Provided material:
-------------------------

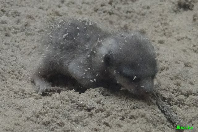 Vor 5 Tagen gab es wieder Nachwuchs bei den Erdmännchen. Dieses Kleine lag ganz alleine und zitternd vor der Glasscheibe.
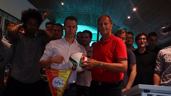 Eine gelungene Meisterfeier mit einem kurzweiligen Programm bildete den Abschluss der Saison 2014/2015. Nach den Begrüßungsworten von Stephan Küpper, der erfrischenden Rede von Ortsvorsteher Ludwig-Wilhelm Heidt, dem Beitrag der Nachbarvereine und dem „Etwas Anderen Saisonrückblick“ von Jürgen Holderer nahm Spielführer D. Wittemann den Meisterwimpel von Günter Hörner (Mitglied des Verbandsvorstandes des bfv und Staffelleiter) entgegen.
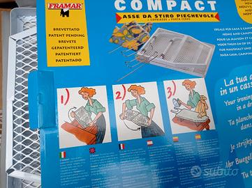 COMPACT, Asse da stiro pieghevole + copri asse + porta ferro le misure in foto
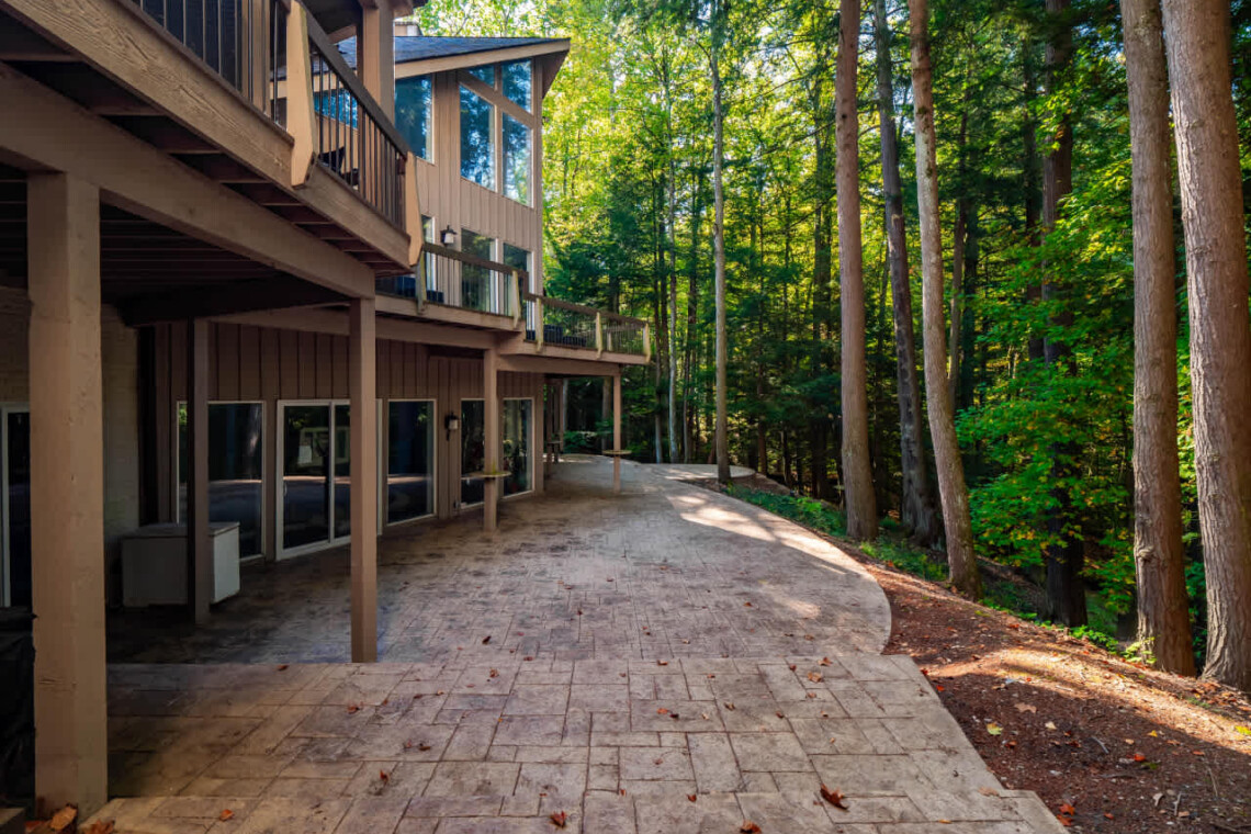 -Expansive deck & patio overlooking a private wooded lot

-------------------------

What the exercise asks: Give back the whole listing exactly, without pictures.

Result of the exercise:
 Vor 5 Tagen gab es wieder Nachwuchs bei den Erdmännchen. Dieses Kleine lag ganz alleine und zitternd vor der Glasscheibe.
 Eine gelungene Meisterfeier mit einem kurzweiligen Programm bildete den Abschluss der Saison 2014/2015. Nach den Begrüßungsworten von Stephan Küpper, der erfrischenden Rede von Ortsvorsteher Ludwig-Wilhelm Heidt, dem Beitrag der Nachbarvereine und dem „Etwas Anderen Saisonrückblick“ von Jürgen Holderer nahm Spielführer D. Wittemann den Meisterwimpel von Günter Hörner (Mitglied des Verbandsvorstandes des bfv und Staffelleiter) entgegen.
 COMPACT, Asse da stiro pieghevole + copri asse + porta ferro le misure in foto
 -Expansive deck & patio overlooking a private wooded lot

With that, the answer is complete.